__Records to use__

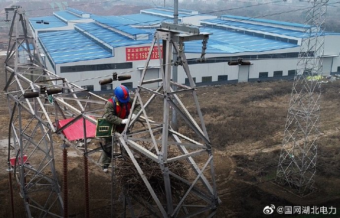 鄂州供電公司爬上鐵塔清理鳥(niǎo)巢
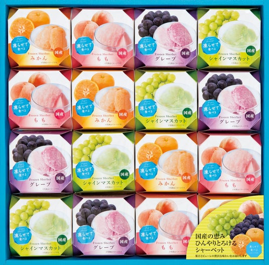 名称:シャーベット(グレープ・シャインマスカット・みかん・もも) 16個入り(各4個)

* * *

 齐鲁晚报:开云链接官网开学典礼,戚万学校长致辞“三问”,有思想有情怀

__Problem to work on__
Look above for the line containing "鄂州供電公司爬上鐵塔清理鳥(niǎo)巢", then write out every line from there down to the line containing "名称:シャーベット(グレープ", that line included, with no pictures.

__Result__
 鄂州供電公司爬上鐵塔清理鳥(niǎo)巢
 名称:シャーベット(グレープ・シャインマスカット・みかん・もも) 16個入り(各4個)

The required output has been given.